Pussy Willows

Salix discolor in A Garden For All by Kathy Diemer https://agardenforall.com

Salix discolor (photo credit: Kathy Diemer)

There’s one good thing about the month of March . . . well, actually two.  First, it’s only another four weeks (give or take, depending on Punxsutawney) before spring.  And second, irresistible pussy willows!  When Salix discolor‘s playful buds start emerging, it’s a sure sign spring isn’t too far away.

As a child, I remember how enchanting those soft, stroke able buds were.  I thought they must come from some sort of tree crossed with a furry bunny.

The bunny soft flower of pussy willow in A Garden For All by Kathy Diemer https://agardenforall.com

The bunny soft flower of pussy willow (photo by: Kathy Diemer)

Alas, Salix discolor is really a willow tree, native to the wetlands of North America.  In the wild, you may come upon a Salix discolor that is over 10′ tall, with its fuzzy catkins far from arm’s reach.  Like other members of the salix family, pussy willows will need some regular pruning to keep them within the realm of your landscape.  And the pruning will be well worth the effort when you’re able to cut some ornamental stems to decorate your spring table.

** WITCH HAZEL is another shrub that produces quirky, fragrant flowers in early spring **

Salix gracilistyla 'Melanostachys' in A Garden For All by Kathy Diemer https://agardenforall.com

Salix gracilistyla ‘Melanostachys’ (photo credit: Kathy Diemer)

Thanks to modern intervention, there are a few nice options for a landscape pussy willow:  The stunning and rare black Asian native (Salix gracilistyla ‘Melanostachys’) is my favorite, with ebony buds around an inch long that cover the stems and provide a dramatic contrast against winter’s crisp blue sky.  The pink pussy willow (Salix discolor ‘Rosea’) isn’t as showy as the black, but its pearly mauve buds are fuller and shimmer in the morning sun.  There is also the European native Salix caprea, or French pussy willow, which has slightly larger leaves and tighter, more abundant clusters of silver buds.

The dramatic black pussy willow in A Garden For All by Kathy Diemer https://agardenforall.com

The dramatic black pussy willow (photo by: Kathy Diemer)

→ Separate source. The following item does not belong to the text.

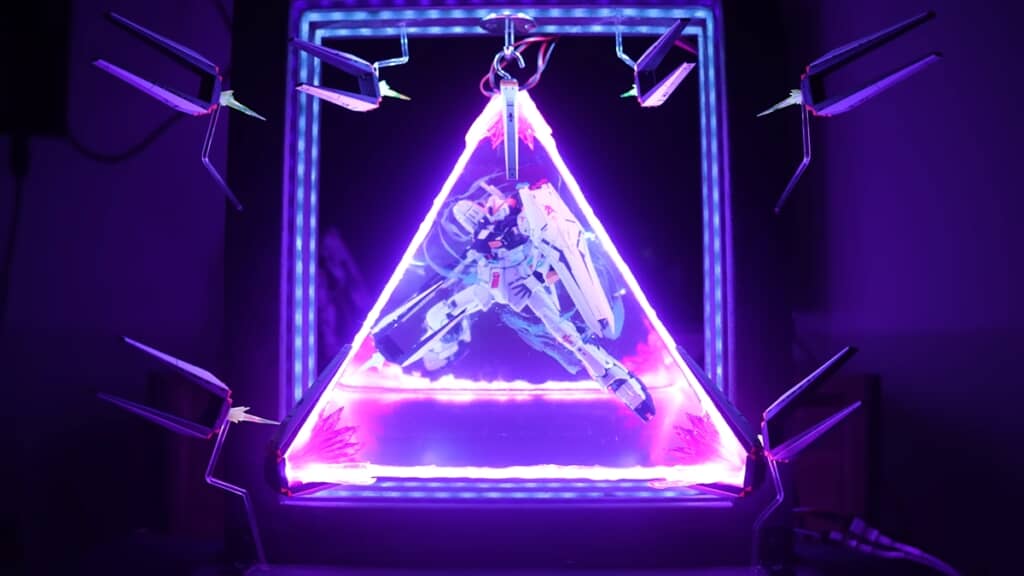 硬化を待っている間に、色を変更できるRGBライトと、蛍光塗料を光らせるUVライトを仕込んだ台座を制作。完全硬化まで3日待ち、レジンからアクリル板を剥がすと、透明な四角錐に浮かぶνガンダム本体が姿を現しました。完成が近づいてきた!

Pussy willows are a dioecious shrub, which means there are males and females, and you may notice subtle differences in the catkins for each gender.  Some suggest that the male buds appear a little sooner than the female, and that the male may be a little plumper.  All varieties will grow in full sun and wet (not underwater) to average soils in zones 5 – 8.

** You may also enjoy growing DRAGON CLAW, another willow member **

Spring Container with Pussy Willows in A Garden For All by Kathy Diemer https://agardenforall.com

Spring Container with Pussy Willows (photo credit: Kathy Diemer)

Salix is also very easy to grow from stem cuttings, simply take cuttings that are the thickness of a pencil (and about a foot long) from the newer growth of the shrub.  You can root them in water or insert 2 to 3 inches directly into the soil.  Cutting and planting should be done when there is no longer a chance for frost (late spring, early summer).  Another option is to use some cuttings as decoration in a spring container with pansies, or other cold tolerant flowers.  By the time the stems have started to root themselves, you’re ready to change-up your container to the summer plants.

Comments

  1. Maria Ortiz says:

    I too had a pussy willow tree when I lived in New York. It grew so nicely, and then I moved. I tried a few times to plant a pussy willow tree here in South Jersey but they would never grow. The branches had a lots of roots when I planted them but still died. I will try again in March. I love Pussy Willow tress.

    • Thanks for writing, Maria. Pussy willows are pretty easy to grow, but I tend to start young twigs in wet areas to ensure they don’t dry out until established. Don’t give up, they’re worth the effort!